Restate the data below word for word. Leave the images out.

▶ [Data block]
++++

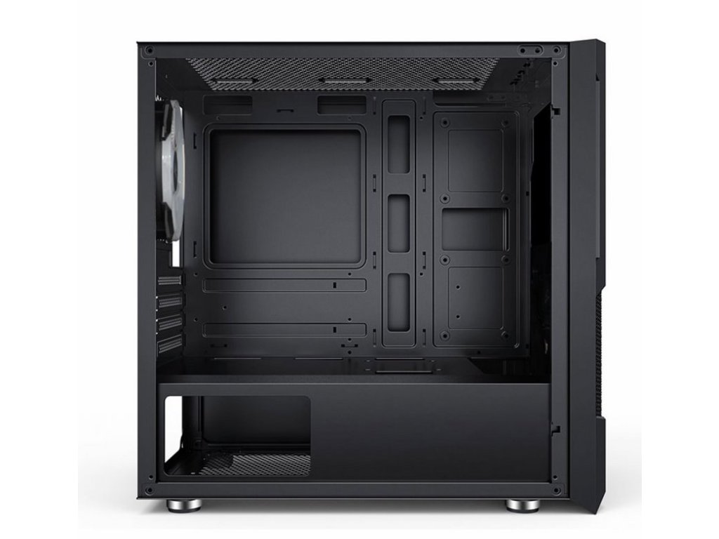 Herní mATX skříň s instalovanými RGB rainbow 120 mm ventilátoremy a bočnicí z temerovaného skla. Skříň je určená pro základní desky podporující platformu Intel i AMD. Mimo formátu mATX je kompatibilní i s formátem Mini ITX. Napájecí zdroj se umísťuje do dolní části skříně. Spodní mřížka je osazena vysouvacím prachovým filtrem. Ovládání ventilátorů je možné pomocí připojení k základní desce.
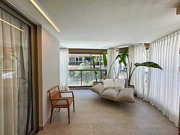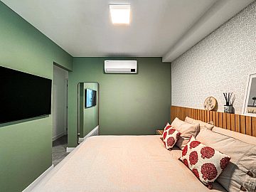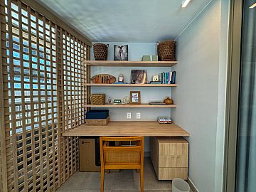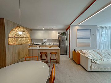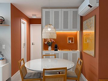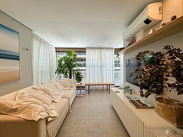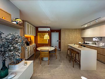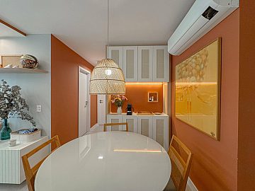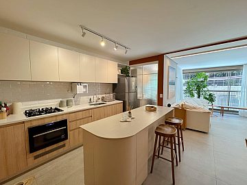 Apartamento decorado, com 108 m², sala ampla em dois ambientes com varanda integrada, 2 quartos (sendo 1 suíte com closet e varanda), cozinha americana planejada, área de serviço e vaga de garagem.
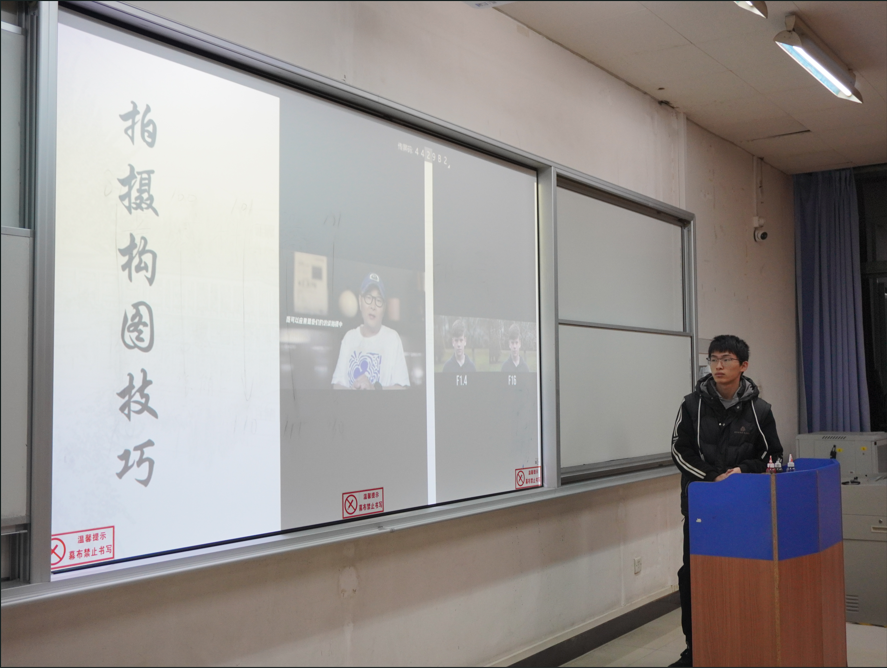 刘毅同学从前期策划、活动拍摄、视频剪辑三个部分由浅入深地进行讲解。在前期策划阶段,他强调工作首先要紧密围绕视频制作的目的和宣传qy千亿球友会的宗旨展开,随后进一步确定内容选题,创立情境撰写脚本。刘毅同学以qy千亿球友会的一个宣传视频为例,对脚本要点进行了解析。接下来,他从拍摄的八种构图技巧进行详细介绍,强调需要根据内容进行运镜。最后,就视频剪辑方面,他以pr软件为例,详细介绍过渡剪辑、音频调节的方法。此外,他还分享了一些剪辑过程中的小窍门,如如何利用关键帧实现特效、如何通过色彩校正让画面更具质感等。通过他的讲解,同学们收获匪浅、积极响应,现场活动氛围良好。

++++

▶ [Result]
 Herní mATX skříň s instalovanými RGB rainbow 120 mm ventilátoremy a bočnicí z temerovaného skla. Skříň je určená pro základní desky podporující platformu Intel i AMD. Mimo formátu mATX je kompatibilní i s formátem Mini ITX. Napájecí zdroj se umísťuje do dolní části skříně. Spodní mřížka je osazena vysouvacím prachovým filtrem. Ovládání ventilátorů je možné pomocí připojení k základní desce.
 Apartamento decorado, com 108 m², sala ampla em dois ambientes com varanda integrada, 2 quartos (sendo 1 suíte com closet e varanda), cozinha americana planejada, área de serviço e vaga de garagem.
 刘毅同学从前期策划、活动拍摄、视频剪辑三个部分由浅入深地进行讲解。在前期策划阶段,他强调工作首先要紧密围绕视频制作的目的和宣传qy千亿球友会的宗旨展开,随后进一步确定内容选题,创立情境撰写脚本。刘毅同学以qy千亿球友会的一个宣传视频为例,对脚本要点进行了解析。接下来,他从拍摄的八种构图技巧进行详细介绍,强调需要根据内容进行运镜。最后,就视频剪辑方面,他以pr软件为例,详细介绍过渡剪辑、音频调节的方法。此外,他还分享了一些剪辑过程中的小窍门,如如何利用关键帧实现特效、如何通过色彩校正让画面更具质感等。通过他的讲解,同学们收获匪浅、积极响应,现场活动氛围良好。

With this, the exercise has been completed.